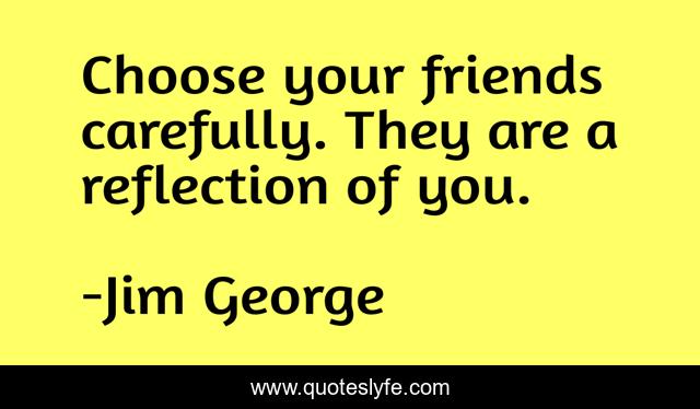 This page presents the quote "Choose your friends carefully. They are a reflection of you.". Author of this quote is Jim George. This quote is about faith, christian, reflection, morals, god, peace, same, bless, reflect,.
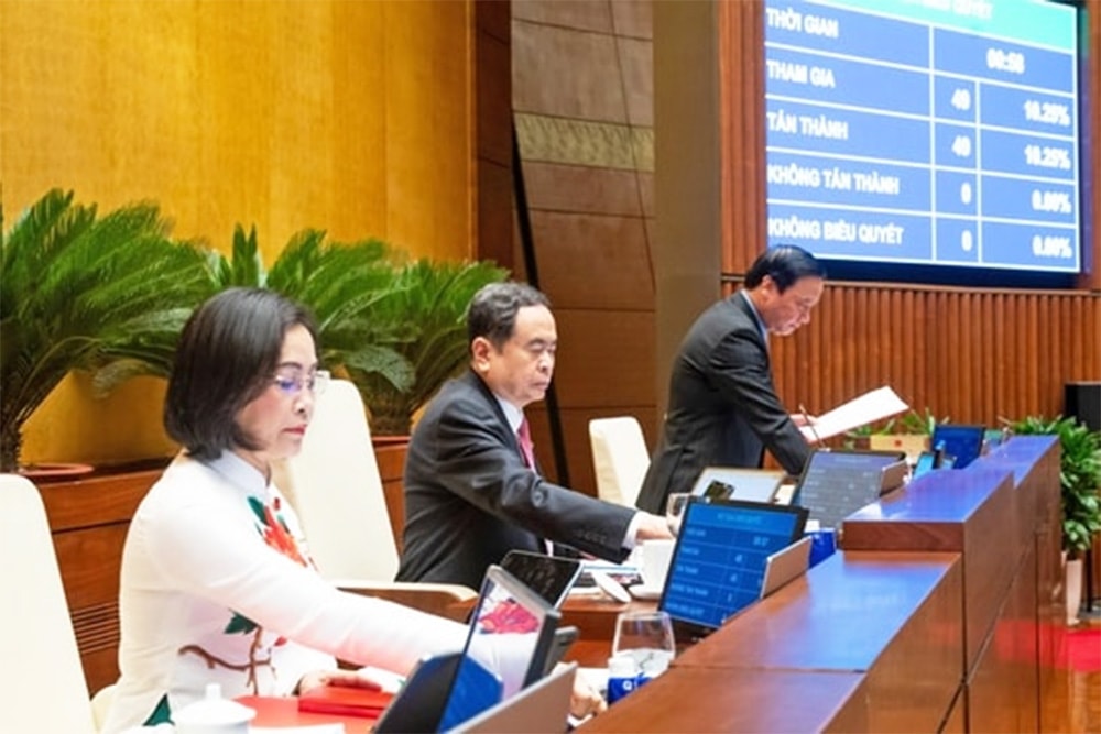Chủ tịch Quốc hội Trần Thanh Mẫn, Phó Chủ tịch Quốc hội Nguyễn Khắc Định và Phó Chủ tịch Quốc hội Nguyễn Thị Thanh biểu quyết thông qua Nghị quyết về việc sắp xếp đơn vị hành chính cấp tỉnh năm 2025 ngày 12/6/2025. Ảnh: Phạm Thắng
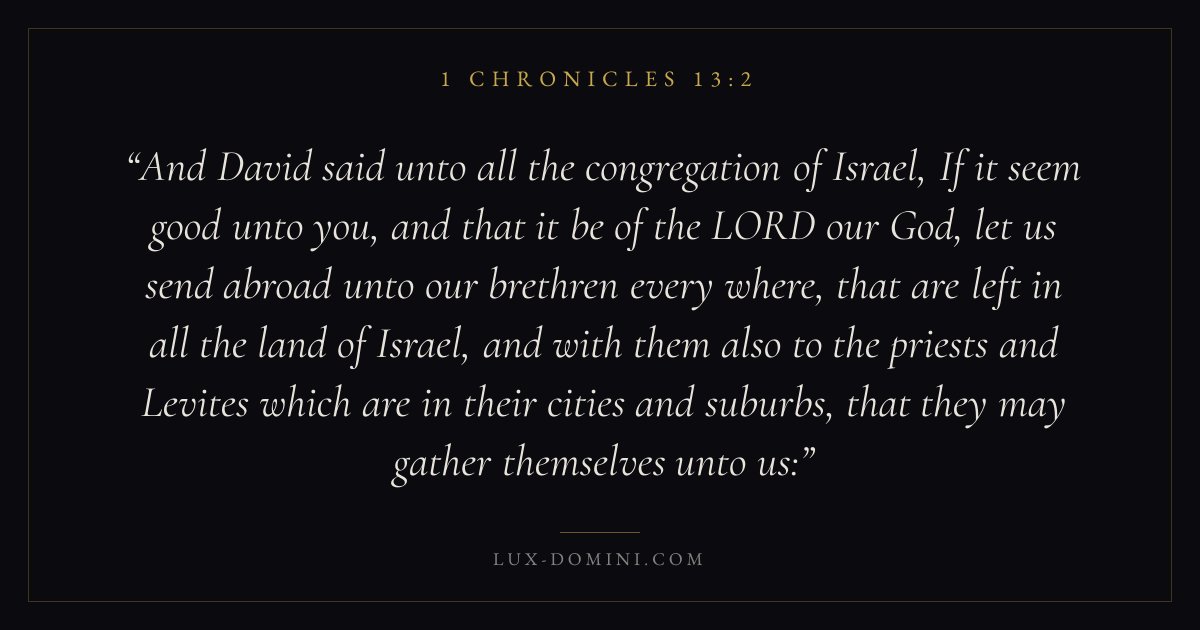 And David said unto all the congregation of Israel, If it seem good unto you, and that it be of the LORD our God, let us send abroad unto our brethren every where, that are left in all the land of Israel, and with them also to the priests and Levites which are in their cities and suburbs, that they may gather themselves unto us:

::::::::

What the task requires: Leaving the pictures out, copy exactly the lines from the line that contains "Chủ tịch Quốc hội Trần" to the last line of the data, both ends included.

Response:
Chủ tịch Quốc hội Trần Thanh Mẫn, Phó Chủ tịch Quốc hội Nguyễn Khắc Định và Phó Chủ tịch Quốc hội Nguyễn Thị Thanh biểu quyết thông qua Nghị quyết về việc sắp xếp đơn vị hành chính cấp tỉnh năm 2025 ngày 12/6/2025. Ảnh: Phạm Thắng
 And David said unto all the congregation of Israel, If it seem good unto you, and that it be of the LORD our God, let us send abroad unto our brethren every where, that are left in all the land of Israel, and with them also to the priests and Levites which are in their cities and suburbs, that they may gather themselves unto us:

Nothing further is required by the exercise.